“Truth eludes us if we do not concentrate with total attention on its pursuit………..truth is seldom pleasant; it is almost invariably bitter.”–Alexander Solzhenitsyn at Harvard University, June 1978.
The death this week of Alexander Solzhenitsyn eliminates one more among the few really significant personalities who, along with Reagan, Thatcher, Pope John Paul II, and Lech Walesa, converged on the world stage at a crucial point in time to finally defeat Soviet totalitarianism.

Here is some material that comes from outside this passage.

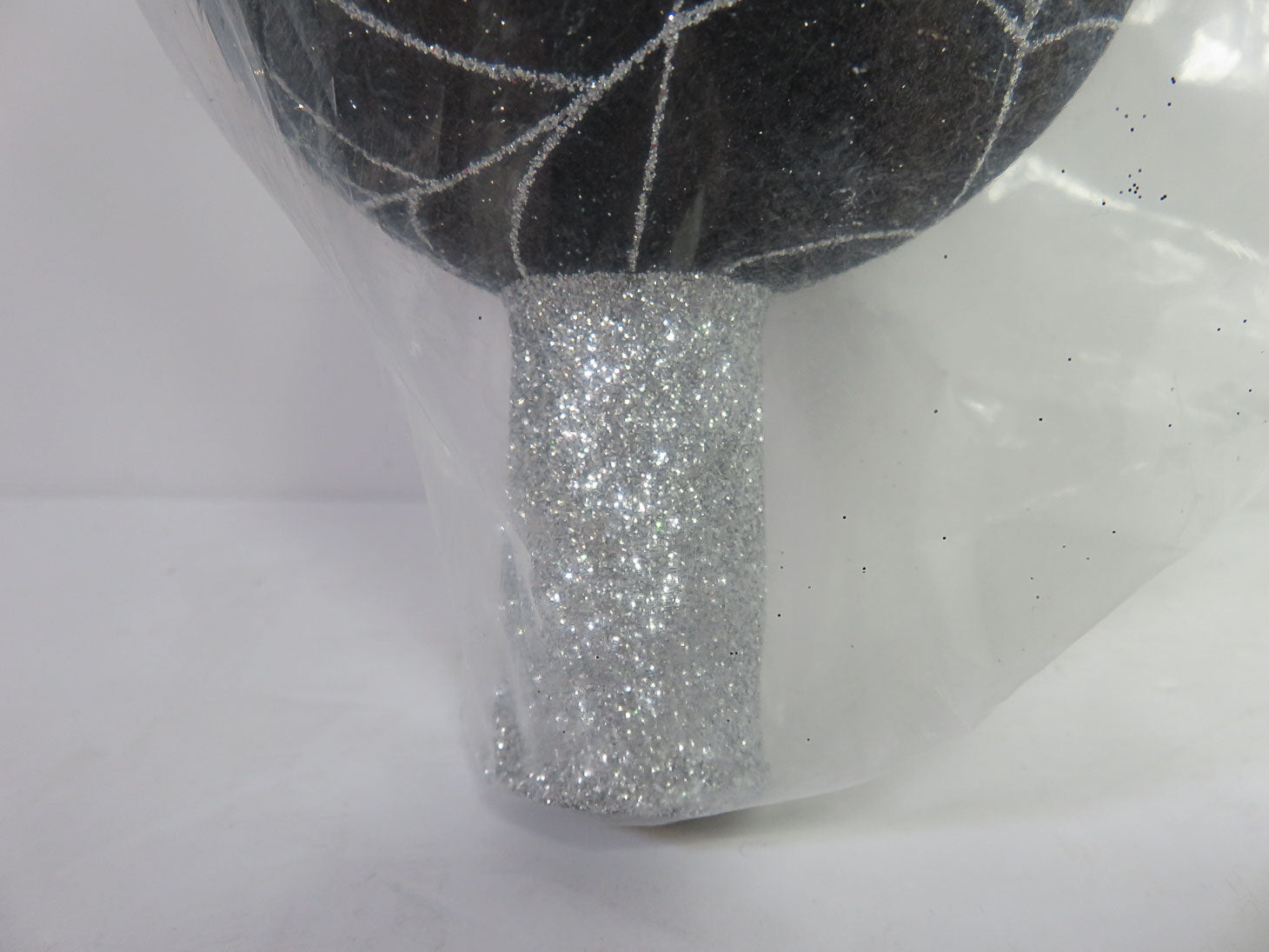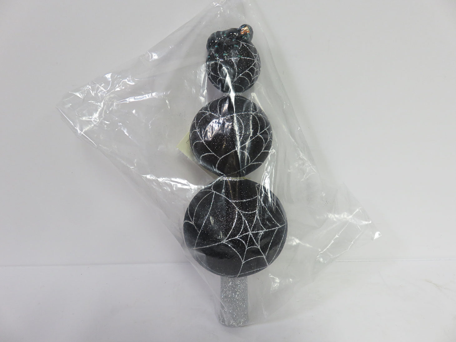 "Web Master Finial" Stacked black spheres with silver spider webs

His emergence as a Russian dissident and novelist in the early 1960s provided transparency and moral condemnation to the horrors of the Stalinist regime during a period when there remained considerable sympathy for the communist model among fellow traveling leftists in the intellectual class in Europe and the U. S. Some of his most outspoken criticism, however, was of the crisis of moral courage in the West, and he continued to deliver a message of warning to the West of the need to arrest its decline into political weakness and cultural decadence.
Never was this message more eloquent or forceful than in his commencement speech at Harvard in June 1978, entitled “A World Split Apart”. This is a classic analysis of what he calls the decline of civil courage in the West brought about by the primacy of materialism and consumerism, destructive and irresponsible freedom, and the dominance of a humanism which has elevated personal autonomy to the exclusion of our moral heritage.
It is ironic that he had achieved a popular and official revival of sorts in Russia in recent years with the blessing of President Vladimir Putin, a period during which all indications are that the country is returning to autocratic rule and a tendency toward some of the forms of tyranny that he spent his entire life opposing. In fact, it would have been greatly beneficial to the Russian people and the country if he had been able to lead a “truth commission” to fully investigate, disclose, and enable some semblance of closure on the murderous lies and systematic terror of the Soviet regime. He might have been the only person with the moral authority to have led such a movement.